Immunophenotyping and Immunohistochemical Analysis
Spleens were harvested from mice, macerated, and passed through a 40 µm cell strainer to create single-cell suspensions. Red blood cells were eliminated by lysis in ACK lysis buffer (150 mM NH4Cl, 10 mM KHCO3, 0.1 mM EDTA) [pH 7.2] for 5 min on ice, before neutralizing with PBS. 300,000 cells were stained either with 0.06 µg PE-conjugated α-CD4 (BD Pharmigen 553652) or α-B220 (BD Pharmigen 553090) for 30 min before washing with PBS. PE+ and GFP+ populations were analyzed by flow cytometry (Guava EasyCyte 8HT, Millipore).Tissues were harvested from mice and fixed in 10% buffered formalin for 48 h before embedding in paraffin. Sections (4 µm) were de-paraffinized using xylene and rehydrated through a series of decreasing concentration of ethanol washes, followed by a final water wash. Antigen retrieval was performed in a pressure cooker for 15 min in 10 mM sodium citrate (pH 6.0)/ 0.05% Tween-20. After washing, samples were blocked using TBS [pH 7.5]/ 10% FBS/ 1% BSA for 2h at RT and incubated with α-GFP antibodies (1:500, Cell Signaling 2555) overnight at 4°. Slides were blocked with H2O2 for 10 min, incubated for 30 min with biotinylated goat anti-rabbit IgG and then streptavidin peroxidase (Anti-rabbit HRP/DAB detection kit, Abcam). Staining was performed using DAB chromogen and substrate from Abcam and counterstained using IHC-optimized hematoxylin (Vector Labs). Sections were dehydrated, mounted using permount, and slides scanned using an Aperio XT slide scanner with the resulting images analyzed using Aperio ScanScope.
Data availability
The authors state that all data necessary for confirming the conclusions presented in the article are represented fully within the article.
Results
Generation of a Doxycyline (DOX)-Inducible Cas9 Mouse
Recombinase-mediated cassette exchange (RMCE) is a rapid method by which to generate transgenic mice with DOX-inducible cDNAs or shRNAs. This approach is facilitate by the existence of pre-engineered C10 ES cells containing a FRT-hygro-pA “homing” cassette downstream of the Col1A1 locus (B; P) (Figure 1A, top panel). We took advantage of the ease of manipulation of these cells and used FLPe recombinase to mediate recombination between the FRT sites at the Col1A1 locus and a site present in our pCol-TCiG-rtTA3 targeting vector (B; P). In this vector, we placed Cas9 and GFP under regulation of the tetracycline response elements (TRE) and positioned a second transcriptional unit downstream with the CAGs promoter (O) driving reverse tet-transactivator (rtTA3) expression (Figure 1A, bottom panel).
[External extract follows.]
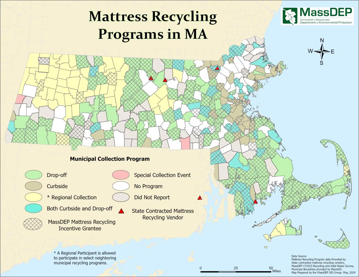 El mapa a continuación muestra las comunidades de Massachusetts que han notificado al MassDEP que ofrecen servicios de reciclaje de colchones.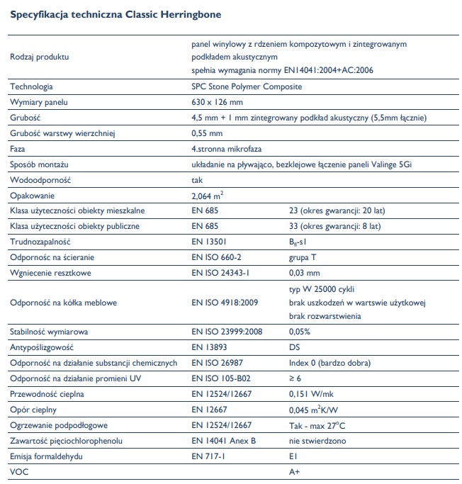 | Rodzaj podłogi | Jodełka Klasyczna |

Following ES cell electroporation and RMCE, two hygromycin resistant cells, AK1 and AK2, were clonally expanded and characterized. We first ensured correct integration at the Col1A1 locus by Southern blotting, which revealed a diagnostic 8 kbp EcoRI fragment (Figures 1A, B). Both AK1 and AK2 ES cells showed DOX-dependent induction of Cas9 and GFP expression (Figures 1C, D). Expression of both Cas9 and GFP was reversible in AK1, with little Cas9 left 3 days after removal of DOX from the culture media (Figure 1E).
Figure 1
Inducible and reversible Cas9 expression in murine ESCs. A. Configuration of the Col1A1 locus in C10 ESCs (top) as well as following Flpe-mediated recombination (bottom). The diagnostic EcoR1 sites and the region outside of the targeting vector used for probe generation (red bar) to confirm integration by Southern blotting are indicated. FRT, Flippase recombinase target; PGK, phosphoglycerate kinase promoter; NeoR, aminoglycoside phosphotransferase, neomycin resistance protein; ΔHygroR, hygromycin B phosphotransferase, ATG codon lacking; SAdpA, splice acceptor & donor polyadenylation signal cassette; TetO, tetracycline operators; FLAG, DYKDDDDK epitope tag; IRES, internal ribosome entry site; RBGpA, rabbit β-globin polyadenylation signal; CAG, cytomegalovirus enhancer fusion to chicken β-actin promoter; rtTA3, reverse tetracycline-controlled transactivator, version 3; SV40pA, simian virus 40 polyadenylation signal; ATG-FRT, ATG containing flippase recombinase target. B. Southern blot analysis of the parental C10 ES cell line and two hygromycin-resistant clones, AK1 and AK2, using a probe downstream and external to the FRT site (see panel A, red bar). C. Western blot illustrating Cas9 induction in ESC clones 48 h following 1 ug/ml DOX treatment. Blots were probed with the indicated antibodies. D. GFP induction in ESC clones 48 h following 1 μg/ml DOX treatment as assessed by flow cytometry. E. Western blot illustrating reversible Cas9 expression in AK1 cells. AK1 cells were treated with 1 μg/ml DOX for 24 h, after which time fresh media lacking DOX was added. At the indicated time points, aliquots of cells were taken for Western blotting and analysis by flow cytometry.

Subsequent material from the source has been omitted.